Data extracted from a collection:
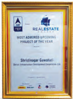
'Most Admired Upcoming Project of the Year' for Shristinagar-Guwahati by ABP News
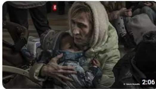
El personal sanitario sostiene la vida en la emergencia de #Ucrania

(A thank you to our Ukrainian personnel: “We keep working to support hospitals and civilians because people lack security)
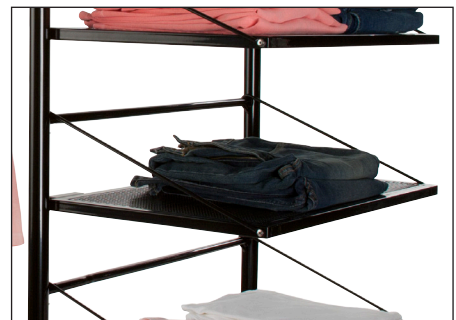
End Shelf on A301/B
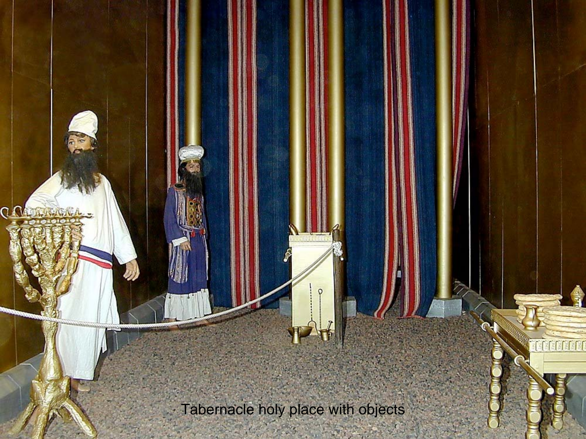
Tabernacle holy place with objects
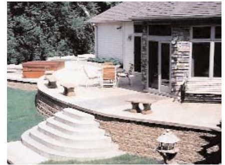
Completed exterior of a home with insulating concrete forms, in Wisconsin.

Slag cement can be used in almost any residential concrete application. It has been used in footings, basement walls, basement floor slabs, sidewalks, driveways, and garages. Slag cement has been used in mixes for above-grade insulating concrete form (ICF) concrete walls for safe, energy-efficient homes as well. In addition to these concrete applications, slag cement is also used in masonry construction.
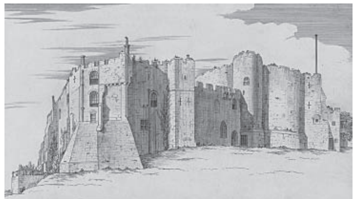
North East view of Berkeley Castle where Edward II was imprisoned and the attempt to free him was made
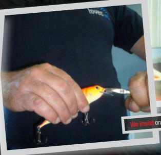
We insist on hand painting which makes every lure unique.
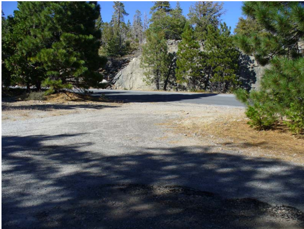
Photo G-2-2. Entrance to Hell Hole Vista Parking area. Roadway in background is FR-2. (8/20/08)
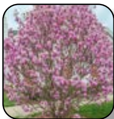
Magnolia Ann, Shrub Form Pg. 15

- WORK INSTRUCTION:
What you return must match the lines above from the one with "Slag cement can" through the one with "We insist on" exactly, with both ends included and the pictures excluded.

- ANSWER SECTION:
Slag cement can be used in almost any residential concrete application. It has been used in footings, basement walls, basement floor slabs, sidewalks, driveways, and garages. Slag cement has been used in mixes for above-grade insulating concrete form (ICF) concrete walls for safe, energy-efficient homes as well. In addition to these concrete applications, slag cement is also used in masonry construction.
North East view of Berkeley Castle where Edward II was imprisoned and the attempt to free him was made
We insist on hand painting which makes every lure unique.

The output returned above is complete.